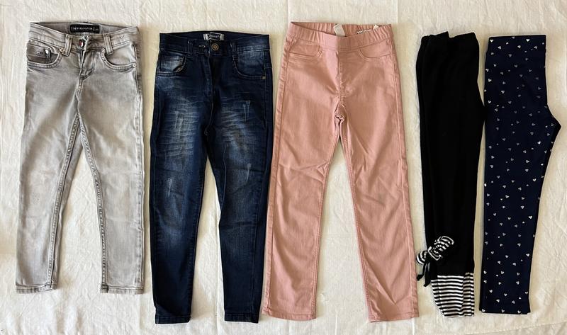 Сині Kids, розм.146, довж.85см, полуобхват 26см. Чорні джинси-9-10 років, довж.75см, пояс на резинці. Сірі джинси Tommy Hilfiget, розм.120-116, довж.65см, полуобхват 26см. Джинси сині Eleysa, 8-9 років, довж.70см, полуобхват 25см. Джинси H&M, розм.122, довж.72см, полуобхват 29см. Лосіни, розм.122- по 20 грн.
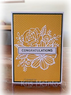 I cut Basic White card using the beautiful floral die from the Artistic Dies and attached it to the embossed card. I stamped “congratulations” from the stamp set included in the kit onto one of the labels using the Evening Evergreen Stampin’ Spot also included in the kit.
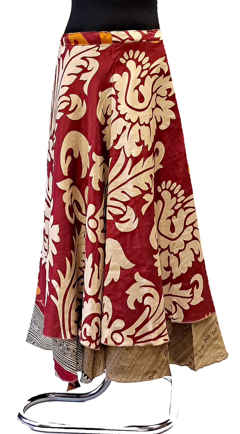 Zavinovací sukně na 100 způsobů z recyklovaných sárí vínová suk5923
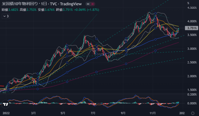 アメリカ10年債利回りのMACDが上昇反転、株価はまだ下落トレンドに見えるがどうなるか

━━━━━━━━

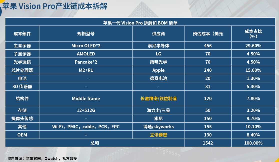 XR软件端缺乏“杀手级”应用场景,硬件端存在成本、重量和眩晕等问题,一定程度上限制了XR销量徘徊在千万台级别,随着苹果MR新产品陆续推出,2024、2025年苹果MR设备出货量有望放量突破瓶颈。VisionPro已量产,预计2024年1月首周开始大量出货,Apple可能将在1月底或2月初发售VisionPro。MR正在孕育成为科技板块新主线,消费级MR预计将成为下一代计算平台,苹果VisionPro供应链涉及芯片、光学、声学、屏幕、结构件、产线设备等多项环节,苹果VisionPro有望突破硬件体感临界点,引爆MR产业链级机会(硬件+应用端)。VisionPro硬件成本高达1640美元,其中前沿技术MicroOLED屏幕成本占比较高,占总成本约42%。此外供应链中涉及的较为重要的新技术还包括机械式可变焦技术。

━━━━━━━━

Copy back exactly the lines above from the one containing "Сині Kids, розм.146, довж.85см, полуобхват" through the one containing "アメリカ10年債利回りのMA", and leave every picture behind.

### Task output
 Сині Kids, розм.146, довж.85см, полуобхват 26см. Чорні джинси-9-10 років, довж.75см, пояс на резинці. Сірі джинси Tommy Hilfiget, розм.120-116, довж.65см, полуобхват 26см. Джинси сині Eleysa, 8-9 років, довж.70см, полуобхват 25см. Джинси H&M, розм.122, довж.72см, полуобхват 29см. Лосіни, розм.122- по 20 грн.
 I cut Basic White card using the beautiful floral die from the Artistic Dies and attached it to the embossed card. I stamped “congratulations” from the stamp set included in the kit onto one of the labels using the Evening Evergreen Stampin’ Spot also included in the kit.
 Zavinovací sukně na 100 způsobů z recyklovaných sárí vínová suk5923
 アメリカ10年債利回りのMACDが上昇反転、株価はまだ下落トレンドに見えるがどうなるか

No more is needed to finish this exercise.